YOUR TASK — Could you output the listing that follows exactly, without its images?

DATASET CONTENT —
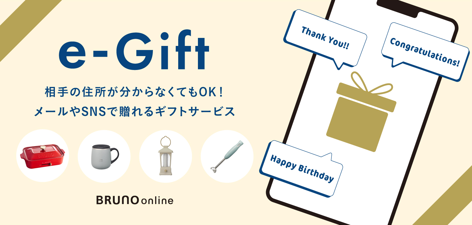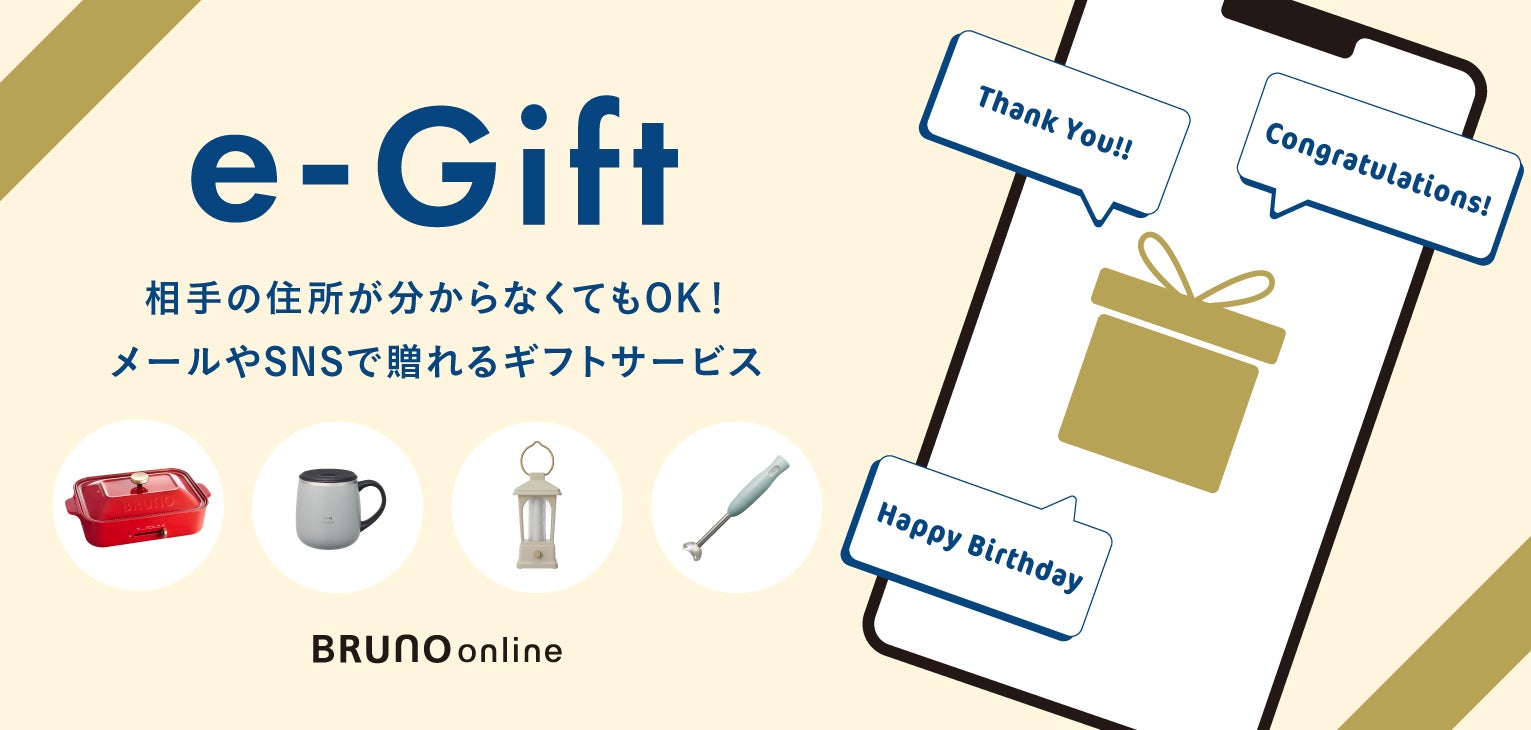 BRUNO onlineで取り扱いのあるBRUNO・MILESTOのほとんどのアイテムがeギフトで贈れます。
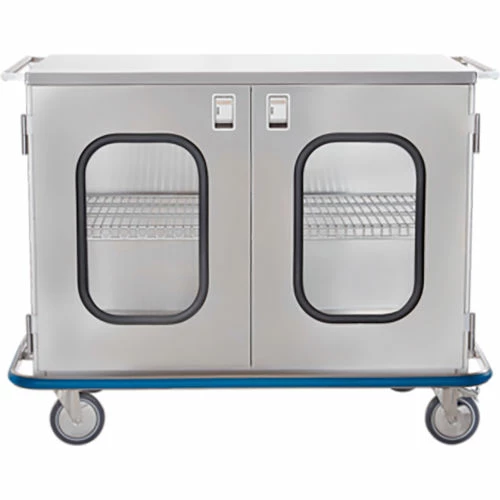 - Two double walled, channel enforced, welded, double hinged glass doors that swing 270 degrees.
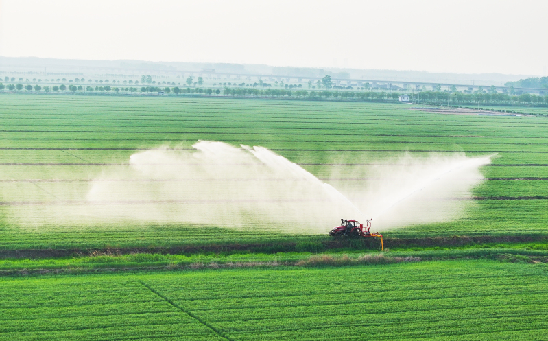 在蘇墾農發白馬湖分公司小麥田間,農機手正熟練操作著無人機和地面噴灌機,為冬小麥進行抗旱施肥和病蟲害防治作業。他們以科技賦能農業,以辛勤汗水和智慧結晶守護著近5萬畝冬小麥茁壯成長。

RESULT OF THE TASK —
 BRUNO onlineで取り扱いのあるBRUNO・MILESTOのほとんどのアイテムがeギフトで贈れます。
 - Two double walled, channel enforced, welded, double hinged glass doors that swing 270 degrees.
 在蘇墾農發白馬湖分公司小麥田間,農機手正熟練操作著無人機和地面噴灌機,為冬小麥進行抗旱施肥和病蟲害防治作業。他們以科技賦能農業,以辛勤汗水和智慧結晶守護著近5萬畝冬小麥茁壯成長。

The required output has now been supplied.